How to visualize distributions effectively
· Category: Data Science
Short answer
Distribution plots reveal the shape, spread, and central tendency of data, exposing skewness, multimodality, and outliers.
Steps
- Plot histograms with appropriate bin widths using rules like Sturges or Freedman-Diaconis.
- Overlay kernel density estimates to smooth noisy histograms.
- Use box plots or violin plots to compare distributions across categories.
- Apply log or power transforms if data spans several orders of magnitude.

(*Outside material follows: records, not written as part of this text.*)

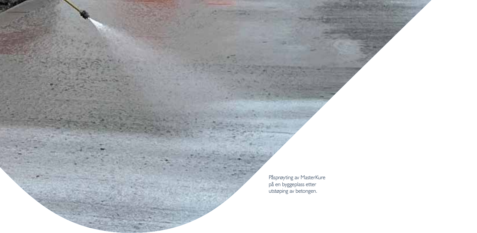
Påsprøyting av MasterKure på en byggeplass etter utstøping av betongen.
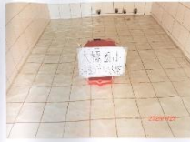
活動中心水塔清洗前
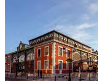
Les Halles

À l'écart de l'agitation, la ville haute a conservé ses maisons bigourdanes, son architecture d'autrefois.
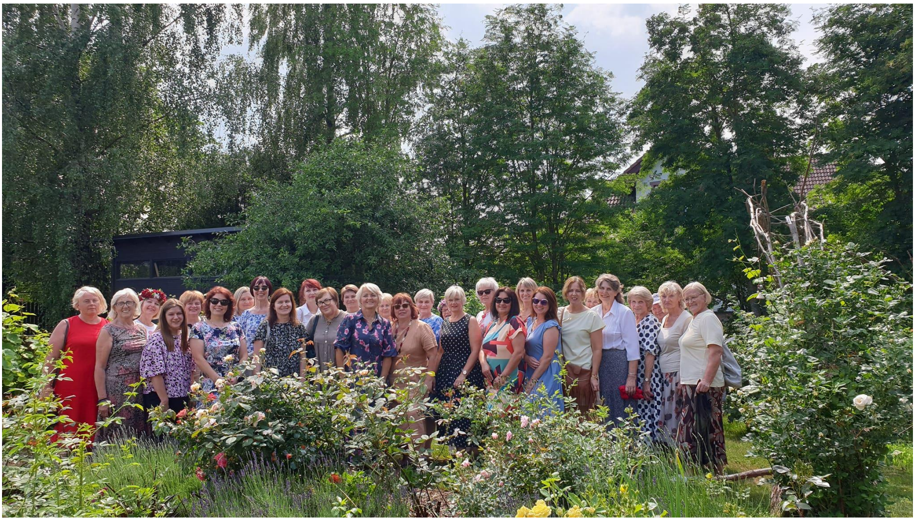
Po projekto baigiamosios konferencijos

Paskutinė akimirka dideliame būryje... Bet tik šiame projekte – paskutinė! Nes žinome, kad bendravimas ir bendradarbiavimas tęsis ir po projekto. Todėl nesakome „sudie“, o tik „iki greito!“
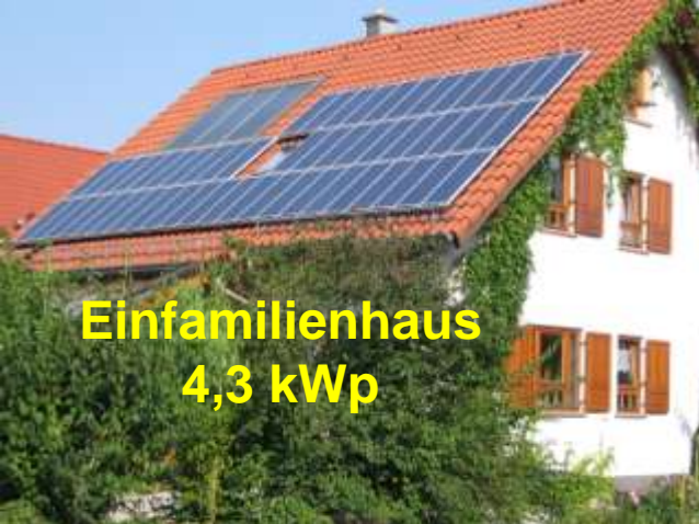
Einfamilienhaus 4,3 kWp
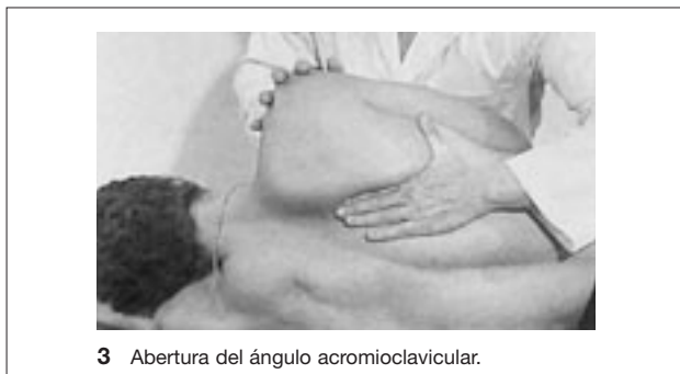
3 Abertura del ángulo acromioclavicular.
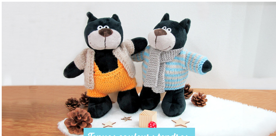
Tenues couleurs tendres · 20 ·

- Annotate key statistics such as mean, median, and standard deviation.
Tips
- Experiment with bin count to avoid hiding or exaggerating patterns.
- Use rug plots to show individual observations alongside density curves.
- Facet distributions by categorical variables for subgroup comparison.
- Consider cumulative distribution functions for comparing percentiles.
Common issues
- Bin width bias distorting the perceived shape of the distribution.
- Overlapping KDE curves becoming unreadable with many categories.
- Ignoring sample size differences when comparing distributions.
- Choosing linear scales for highly skewed data compressing important detail.
Example
import matplotlib.pyplot as plt
import seaborn as sns
sns.set_theme(style='whitegrid')
plt.figure(figsize=(10, 6))
sns.barplot(x='category', y='value', data=df)
plt.title('Sales by Category')
plt.show()
This snippet demonstrates how to configure aesthetics and create a publication-ready bar chart with labeled axes and a clear title.